**Aim of the exercise**
The expected output is an exact copy of the lines from the one containing "2020年美国总统大选,特朗" to the final line below, minus any pictures.

** Entries provided follows **

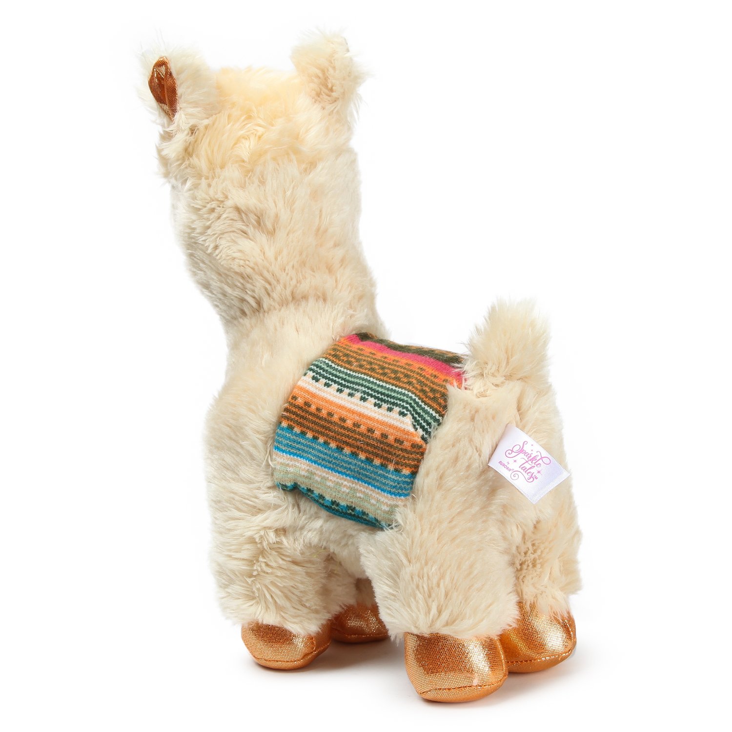 Очаровательная альпака с мягкой бежевой шкуркой, белой мордочкой и выразительными глазками впечатлит ребенка. На спинке альпаки - яркий полосатый коврик, а внутренняя часть ушей и копыта выполнены из золотистого текстиля. С плюшевой игрушкой Ваш ребенок придумает много интересных сюжетов для игры, развивая в ее процессе моторику, тактильную чувствительности и воображение.
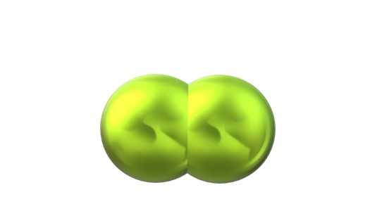 - Molécula diatómica. El átomo de flúor en su estado basal tiene siete electrones de valencia, que están en los orbitales 2s y 2p, de acuerdo a la configuración electrónica: [He] 2s2 2p5. La teoría del enlace de valencia (TEV) establece que dos átomos de flúor, F, se enlazan covalentemente para poder completar cada uno su octeto de valencia. Esto ocurre rápidamente porque apenas le falta un electrón para volverse isoelectrónico al gas noble neón, y sus átomos son muy pequeños, con una carga nuclear efectiva muy fuerte que demanda fácilmente electrones del entorno. La molécula F2 (imagen inferior), tiene un enlace covalente simple, F-F. A pesar de su estabilidad en comparación a los átomos F libres, es una molécula sumamente reactiva: homonuclear, apolar, y ávida por electrones. Por eso, el flúor, como F2, es una especie muy tóxica y peligrosa. Debido a que el F2 es apolar, sus interacciones dependen de su masa molecular y las fuerzas de dispersión de London. En algún momento, la nube electrónica en torno a ambos átomos F debe deformarse y originar un dipolo instantáneo que induzca otro en una molécula vecina, para que se atraigan lenta y débilmente.
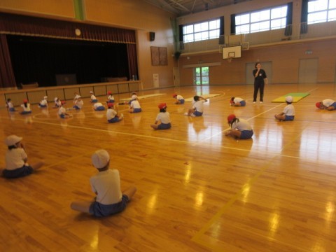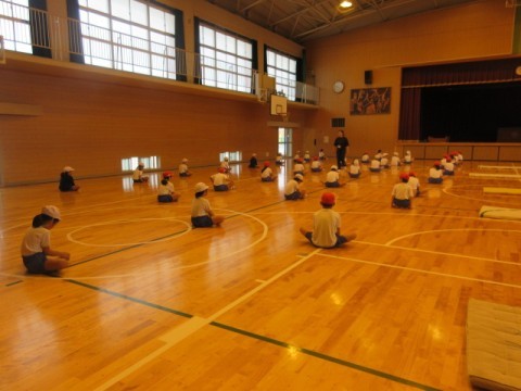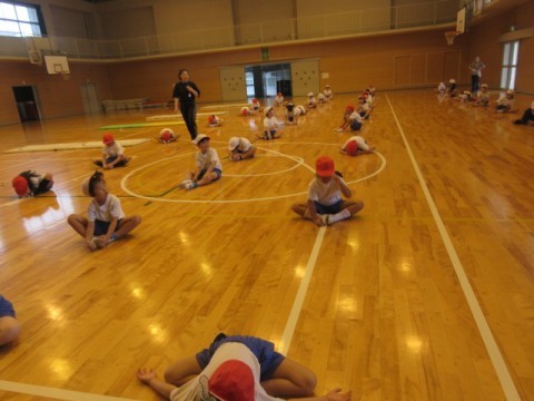 運動の前の柔軟体操にしっかりと取り組んでいました。
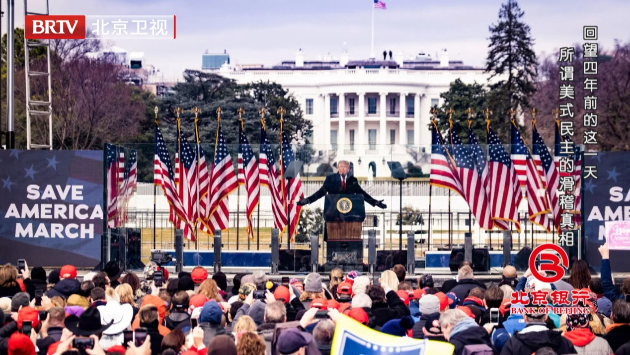 2020年美国总统大选,特朗普败选后拒绝承认结果,声称选举存在舞弊。他的支持者组建了“停止偷窃”组织,并在线下组织抗议活动,反对继续统计选票,甚至煽动暴力。2021年1月6日上午,示威者聚集在距离华盛顿特区国会大厦一英里外的椭圆形草坪。特朗普发表演讲,呼吁支持者“走到国会大厦”,暗示拜登将成为一名“非法总统”。
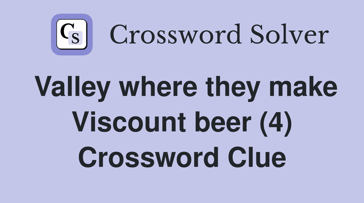 Valley where they make Viscount beer (4) Crossword Clue Answers
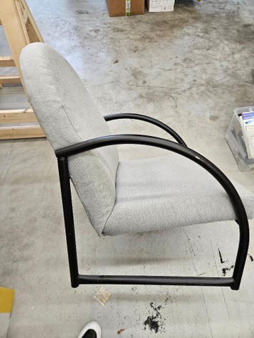 Grijze fauteuil en grijze hocker bekleed met dezelfde stof. Afmetingen fauteuil: diepte zitting: 510mm breedte zitting: 580mm hoogte rugleuning: 650mm hoogte zitvlak vanaf vloer: 400mm breedte fauteui
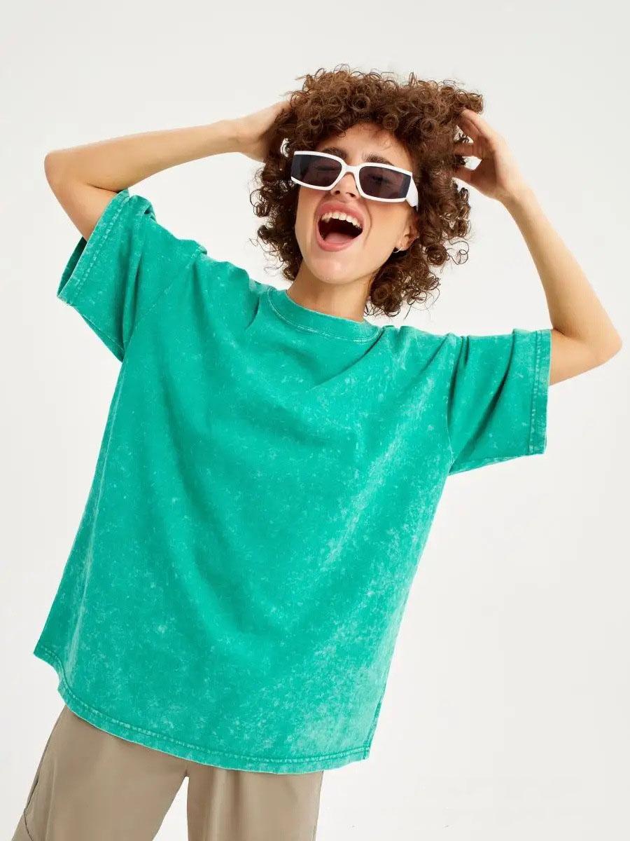 2025 Весна и лето Однотонная футболка женская стираная Do Old Batik Топы хлопковые с короткими рукавами молодежная женская одежда XL зелёный
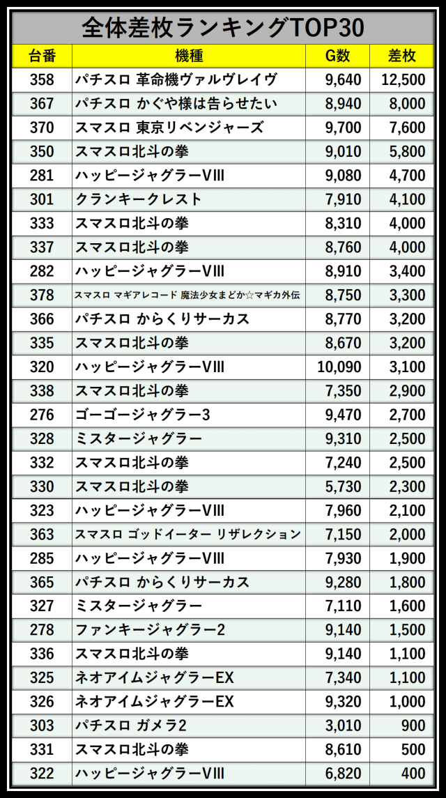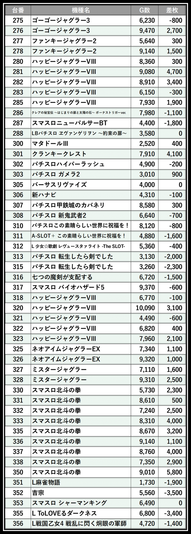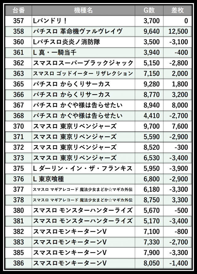 その結果の中から、ぱちタウンが注目すべきポイントを厳選してユーザーにお届け!プレイヤーが楽しんだ一日を下記データにて振り返ってみて欲しい。
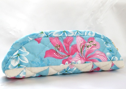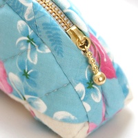 ●櫻●ブルー】パッチワークポーチ♪花柄・横長♪アクセサリーケース,小物入れ,小銭入れ,お薬入れ,キーケース,PC周辺コード機器収納
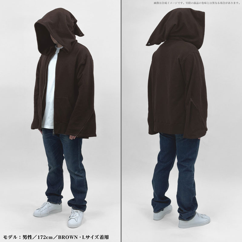 ・魔術師のような大型のフードはスナップボタンでボリューム調整可能。
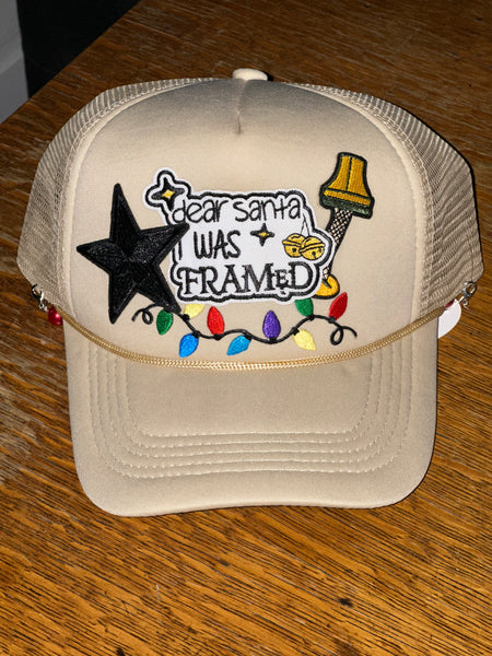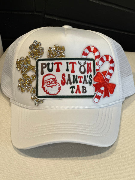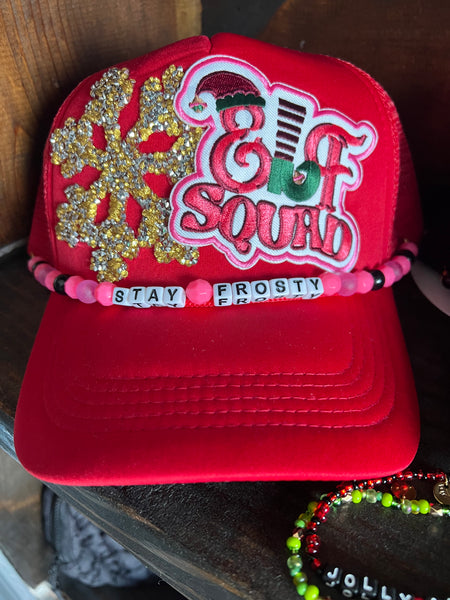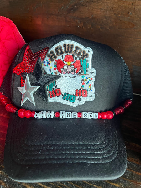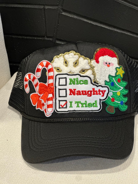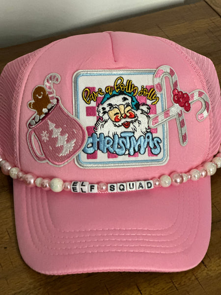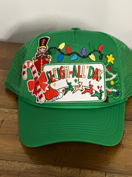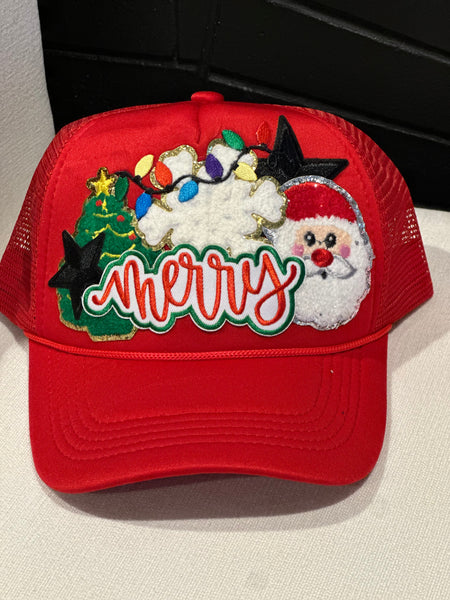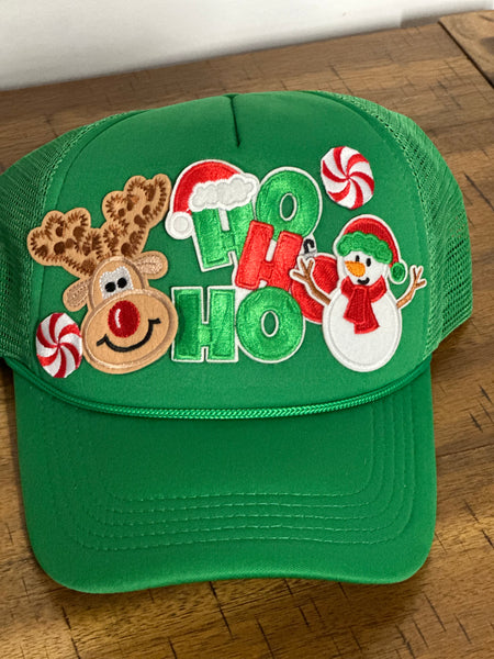 Holiday trucker hat with patches and chain

** End of Entries provided **

**Result of this exercise**
 2020年美国总统大选,特朗普败选后拒绝承认结果,声称选举存在舞弊。他的支持者组建了“停止偷窃”组织,并在线下组织抗议活动,反对继续统计选票,甚至煽动暴力。2021年1月6日上午,示威者聚集在距离华盛顿特区国会大厦一英里外的椭圆形草坪。特朗普发表演讲,呼吁支持者“走到国会大厦”,暗示拜登将成为一名“非法总统”。
 Valley where they make Viscount beer (4) Crossword Clue Answers
 Grijze fauteuil en grijze hocker bekleed met dezelfde stof. Afmetingen fauteuil: diepte zitting: 510mm breedte zitting: 580mm hoogte rugleuning: 650mm hoogte zitvlak vanaf vloer: 400mm breedte fauteui
 2025 Весна и лето Однотонная футболка женская стираная Do Old Batik Топы хлопковые с короткими рукавами молодежная женская одежда XL зелёный
 その結果の中から、ぱちタウンが注目すべきポイントを厳選してユーザーにお届け!プレイヤーが楽しんだ一日を下記データにて振り返ってみて欲しい。
 ●櫻●ブルー】パッチワークポーチ♪花柄・横長♪アクセサリーケース,小物入れ,小銭入れ,お薬入れ,キーケース,PC周辺コード機器収納
 ・魔術師のような大型のフードはスナップボタンでボリューム調整可能。
 Holiday trucker hat with patches and chain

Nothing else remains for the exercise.